De goddeloze, invloedrijke mensen in ons midden moeten we ook ontferming betonen, maar wel ‘ontferming in vrees’. Dat betekent dat we afstand nemen van het bezoedelende gedrag waarmee zulke mensen hun lichaam ‘bekleed’ hebben (Med.#32). Hoewel deze ongelovige leiders slechts ‘zichzelf weiden’, zijn zij nog steeds ‘verborgen riffen’ waarop het geloof van ‘kleinen’ in de kerk schipbreuk kan lijden (Med.#18; 1 Tim. 1:19). Maar dit ‘afstand nemen’ als een disciplinaire vorm van ‘oordelen’ moet alleen toegepast worden binnen de kerk, en niet op goddeloze mensen daarbuiten (1 Kor. 5:1-12). En het doel binnen de kerk moet altijd bekering en herstel zijn, opdat wij niet zelf worden als de niet vergevende dienstknecht in Jezus’ gelijkenis (Med.#19), en zelf in verleiding komen. ‘Ontferming tonen in vrees’ houdt ook in dat we erkennen dat ook wij kwetsbaar zijn en uiteindelijk terecht kunnen komen op dezelfde duistere wegen van compromissen sluiten (Med.#53), en misleiding (Med.#55), waar Johannes in zijn eerste brief voor waarschuwt, of twee soortgelijke wegen: van vrees (Med.#52), en haat tegenover medegelovigen (Med.#54).

HET WOORD BIDDEN

Vader God, onze Heiland door Jezus Christus onze Heer, ik prijs u omdat u van mij houdt en in staat bent om mij voor struikelen te bewaren, en mij zo onberispelijk en vol vreugde voor uw heerlijkheid te stellen.

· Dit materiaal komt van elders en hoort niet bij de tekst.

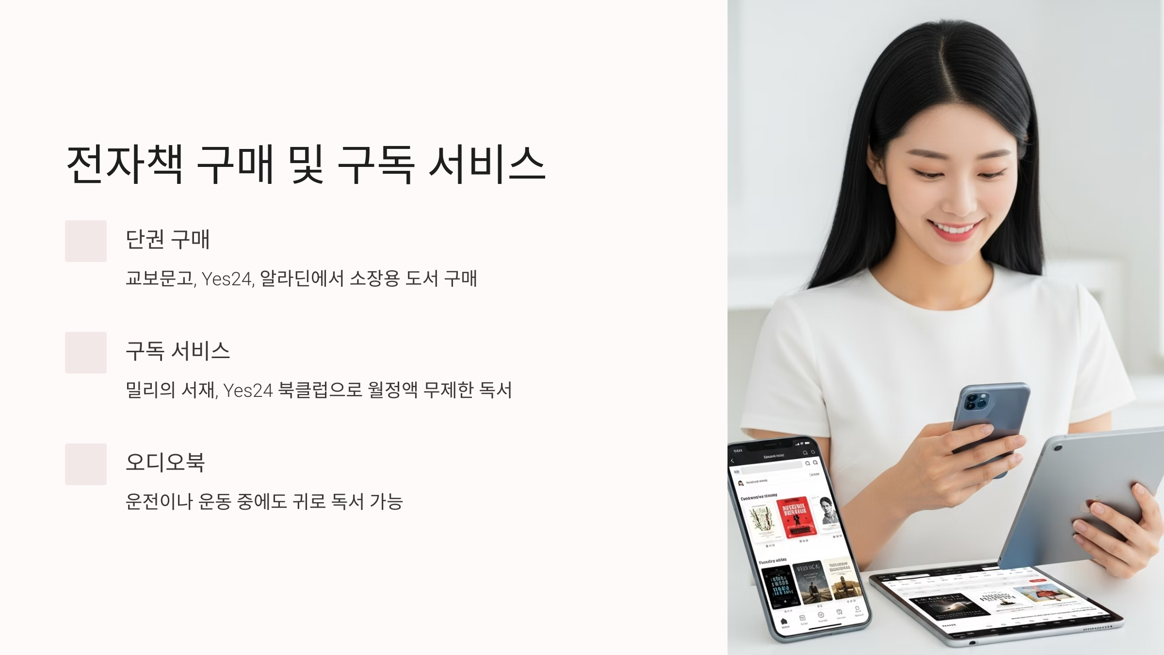 | 전자책(구독) | 밀리의 서재, Yes24 북클럽 | 월정액으로 무제한 독서 가능 | 다양한 분야의 트렌드를 파악하고 싶은 다독가 및 직장인 |
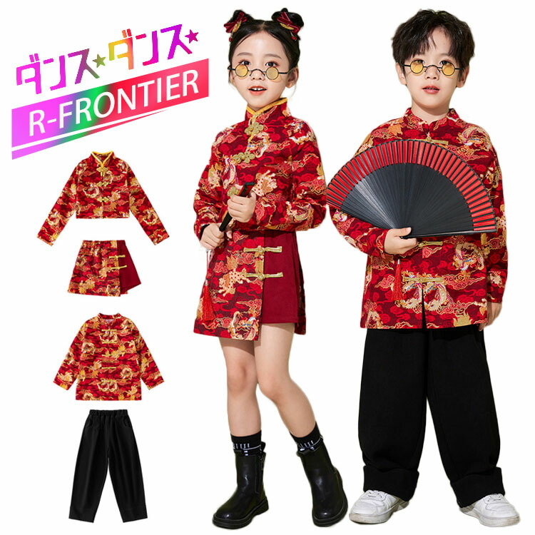 ダンス トップス へそ出し キッズ 女の子 かっこいい 赤ジャケット スカート 黒パンツ 長袖 ヒップホップ 韓国 -衣装 ジャズダンス 団体 演出服 応援団 イベント110-1
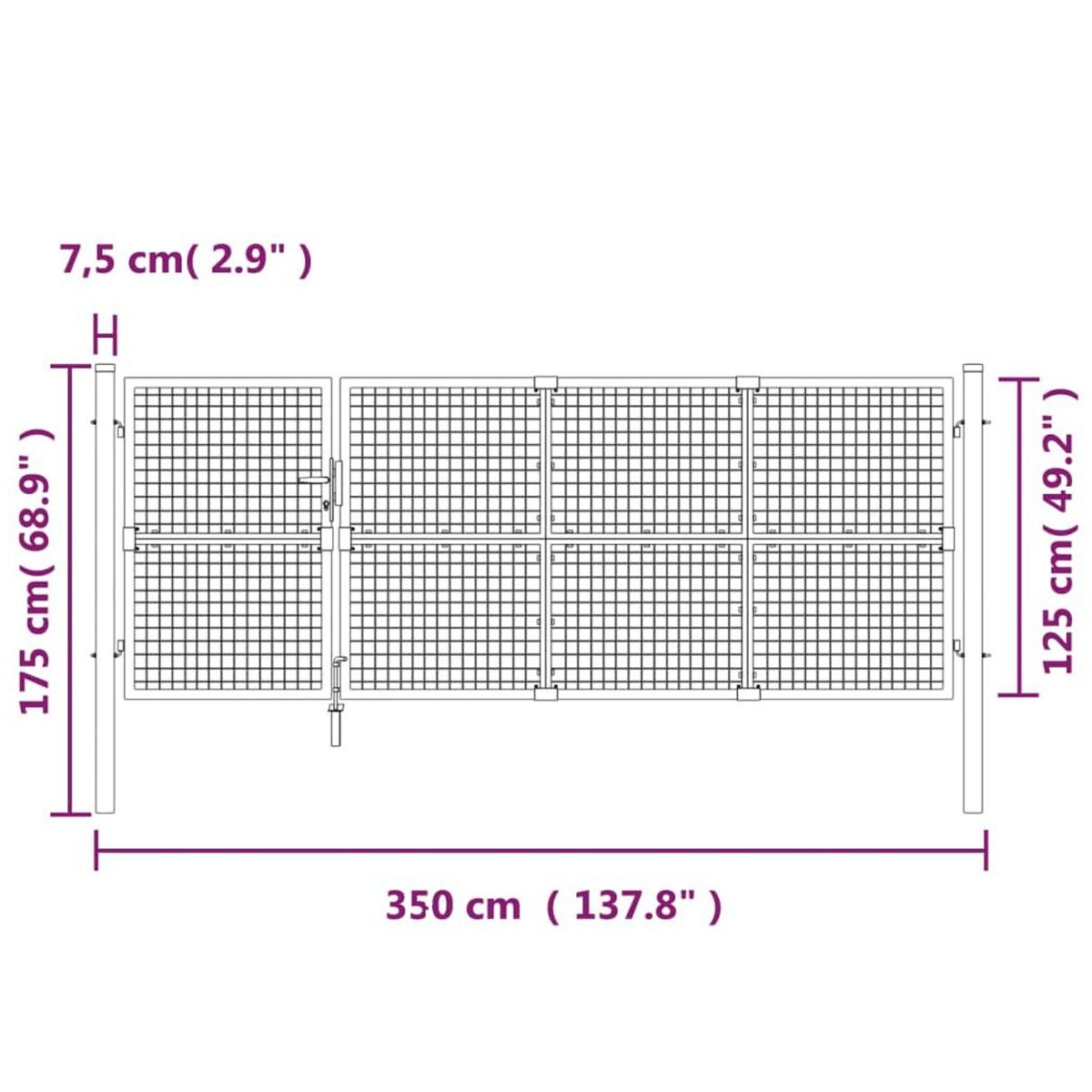 The garden gate is a great combination of strength, stability, and corrosion resistance! It will surely be an ideal entry point for your garden, patio, or terrace! Durable material: Steel is an exceptionally hard and strong material. It offers sturdiness and stability. Galvanisation provides better protection against corrosion and is useful for products that'll be used outdoors as well as in harsh environments.Lockable design: The outdoor gate has a ground stake for the large bottom bolt, which ensures the patio gate can be locked well.Easy assembling: The steel garden gate has two side posts with bolt hinges for easy installation.
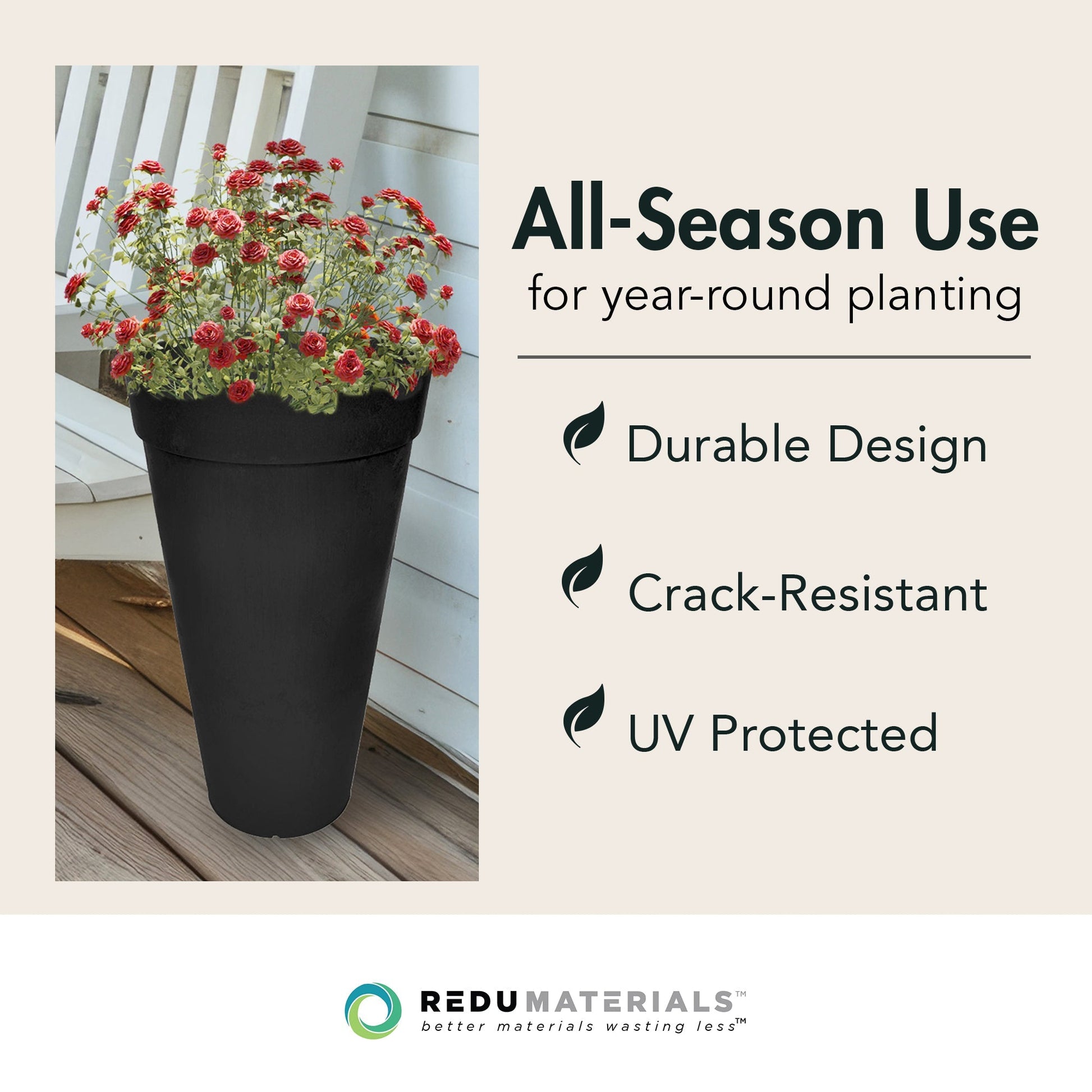 - Made from eco-friendly recycled material, these black planters are crack-proof and recommended for all-season use

Vermenigvuldig uw liefde, ontferming en vrede aan mij zodat ik net als u volwassen en met ontferming om kan gaan met anderen. Moge de heerlijkheid, majesteit, kracht en macht die voor alle eeuwen de uwe zijn, ook de uwe zijn nu en in alle eeuwigheid! (Jud. 1,2,24,25; Matt. 5:48; Luc. 6:36)

VOETNOTEN

[i] Deze eerste twee verzen (die ook in Med.#9 gebruikt worden) zijn een vertaling gebaseerd op de eigen vertaling van de schrijver, die gebaseerd is op de Griekse tekst en de KJV.

[ii] In overeenstemming met de GH en PH zijn het ouderwetse ‘gij’ en ‘u’ vervangen door het modernere ‘jullie’, waardoor de meervoudsvorm duidelijker zichtbaar wordt.

[iii] ‘Gemengden’ [Gr. epimiktos] (LB: ‘gemengde hoop volks’) is het woord dat in de Septuagint gebruikt wordt (Num. 11:4 LXX).

[iv] De woorden die Paulus in deze twee teksten gebruikt om de homoseksuele praktijk te beschrijven zijn: ‘mannelijke sekspartners’ (let. ‘bij elkaar liggende mannen’) [Gr. arsenokoitais] (1 Tim. 1:10), zowel zij die ‘passieve mannen’ [Gr. malakoi] zijn, als andere meer ‘dominante mannelijke sekspartners’ [Gr. arsenokoitai]   (1 Kor. 6:9-10).